162 Questions about Afghanistan: A Case Study of Current Events and Digital Public History on Reddit

Saturday, January 7, 2023
Franklin Hall Prefunction (Philadelphia Marriott Downtown)
Daniel Howlett, George Mason University
On April 18, 2021, a user posted on the forum AskHistorians “What did people in Afghanistan do for fun after the Taliban banned nearly every pastime?” and received over 7,700 upvotes or ‘likes.’ The same day, the New York Times ran a headline stating, “Debating Exit from Afghanistan, Biden Rejected Generals’ Views”. A few months later on August 14th, the top AskHistorians post of the day asked, “How did Afghanistan go from being relatively stable 50-60 years ago to the constantly-devolving mess it is today?” and received over 4,400 upvotes. The New York Times headline asked “The Afghan Military was Built Over 20 Years. How Did it Collapse So Quickly?” Moderators of AskHistorians can anecdotally discuss the correlation between current events and the content of questions asked on the subreddit, but this is the first analysis to look add data to this observation. This poster will add empirical evidence to examine how Reddit’s AskHistorians serves as a social media-based source of historical content and how current events shape public inquiry about the past by using a case study of post titles and text containing the word “Afghanistan” from 2021.
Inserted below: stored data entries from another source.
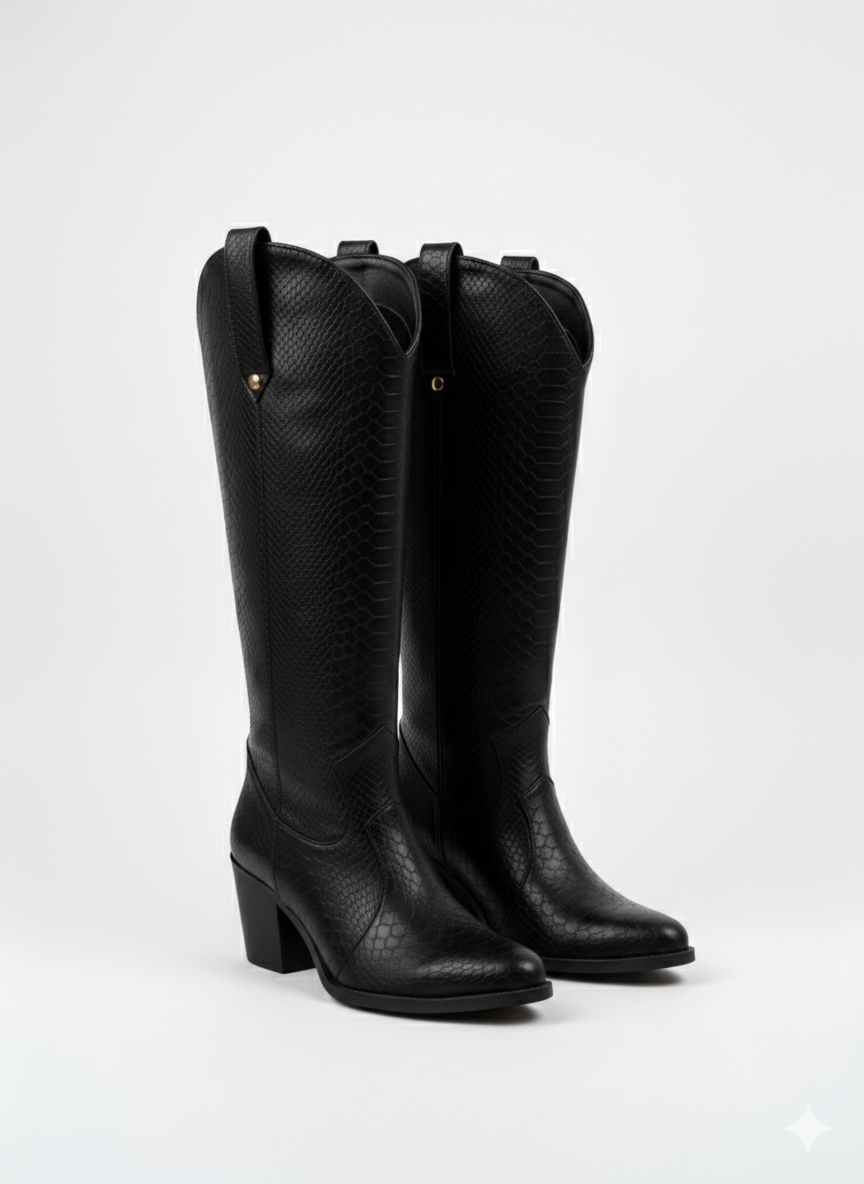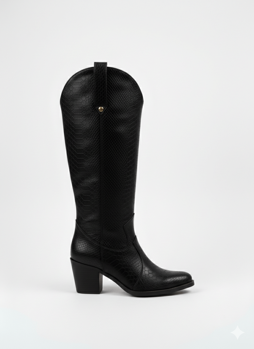 Modelo Tundra – Bota vaquera larga con textura tipo piel de víbora
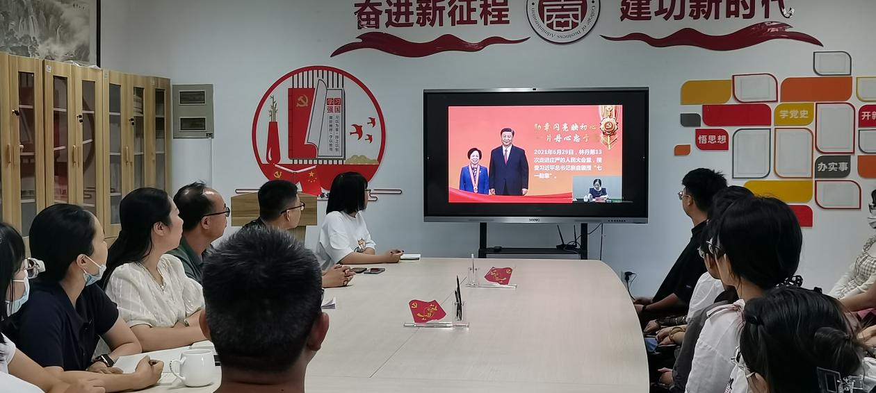 9月28日下午,工商管理学院组织全体师生观看《奋进新征程 喜迎二十大——“七一勋章”获得者林丹的故事》。学院党委班子成员、全体辅导员及学生代表在党员活动室集中观看学习。
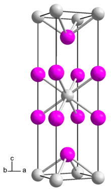Cerium diiodide is an opaque dark solid with a metal-like appearance and properties. There is no cerium(II) in cerium diiodide, and its real structure is Ce3+(I−)2e−. It is easily hydrolyzed to form the corresponding iodide oxide.[2] Like lanthanum diiodide and praseodymium diiodide, the cerium diiodide forms in the MoSi2-type structure,[4] with space group I4/mmm (No. 139).[5]
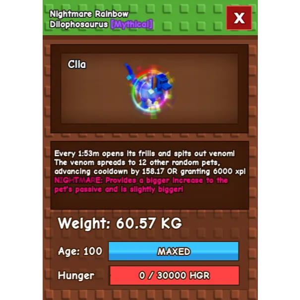 HUGE RAINBOW HATCHED DILO WITH NIGHTMARE MUTATION . GROW A GARDEN
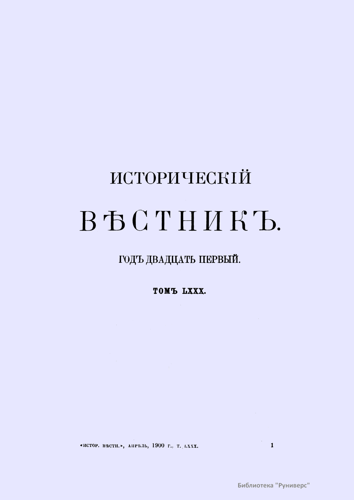 Исторический вестник. Историко-литературный журнал. Том LXXX

In 2021, AskHistorians moderator approved a total of 162 questions with the word “Afghanistan” in either the title or text of the post. Post approval means that the question complied with the subreddit’s rules, and crucial to this case, did not ask about modern politics or events less than 20 years old. AskHistorians moderators approve between 100 and 150 posts per day on topics ranging from food culture in Ancient Rome to how accurately Avril Lavigne’s song “Sk8er Boi” represented high school dynamics in 2002. In other words, the history of Afghanistan rarely comes up on the subreddit. Of those 162 posts, 79 of them (48%) were posted in August and September during the peak coverage of the United States’ withdrawal of troops from the country. Nearly all 79 explicitly or implicitly linked their inquiry to current events. While only a quarter of the August-September posts were answered, these two months averaged 10 answers per month compared to an average of 2.7 answers during the other ten months.
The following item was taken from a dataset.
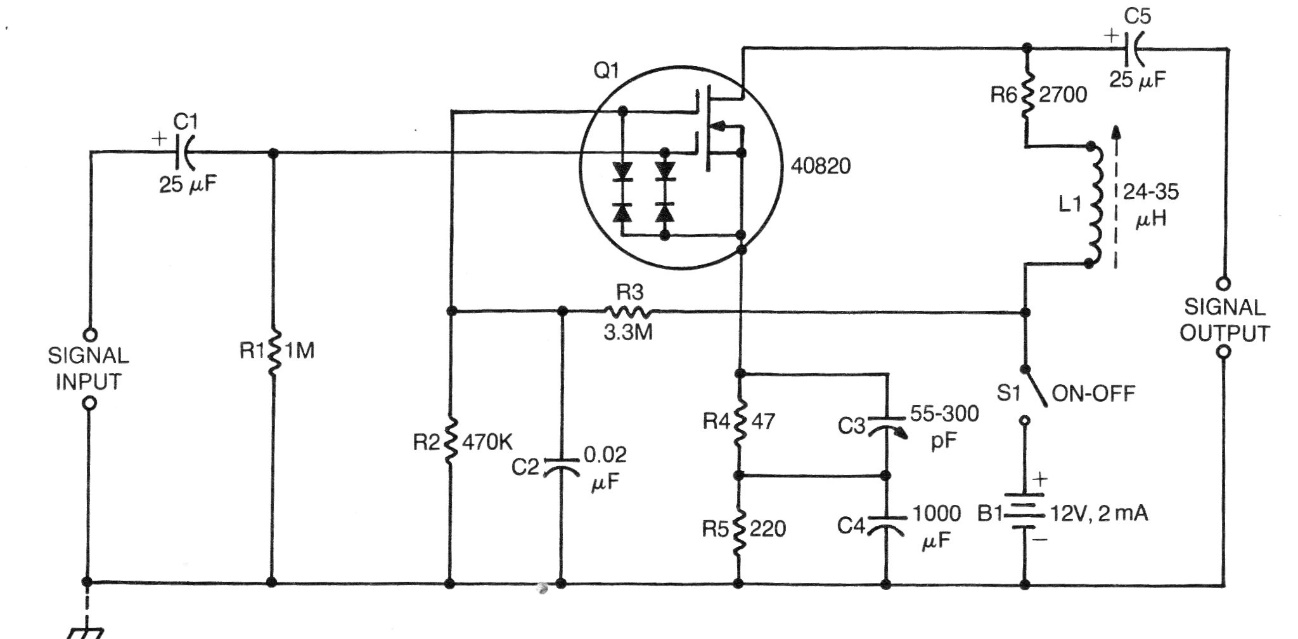 This circuit is from RCA documentation from the 70s. The dual-gate MOSFET is not very easy to obtain, but the other components are common. This circuit has an excellent gain in a frequency range that goes up to about 10 MHz. The amplitude of the output signal reaches 1 Vrms. The components can be changed according to the desired characteristics. The consumption is very low, around 2 mA.

This poster will use the textual and numerical data from AskHistorians post to create word clouds, bar graphs, and other visualizations in RStudio that show the interest levels in Afghanistan and related history on Reddit, the types of questions asked, such as specific questions on Afghan history unrelated to the news cycle, questions related to American and European history, and requests for reading recommendations; the responses to questions through various engagement metrics including answers, comments, and upvotes; and it will look at the relationship with current events by comparing post submissions with newspaper headlines.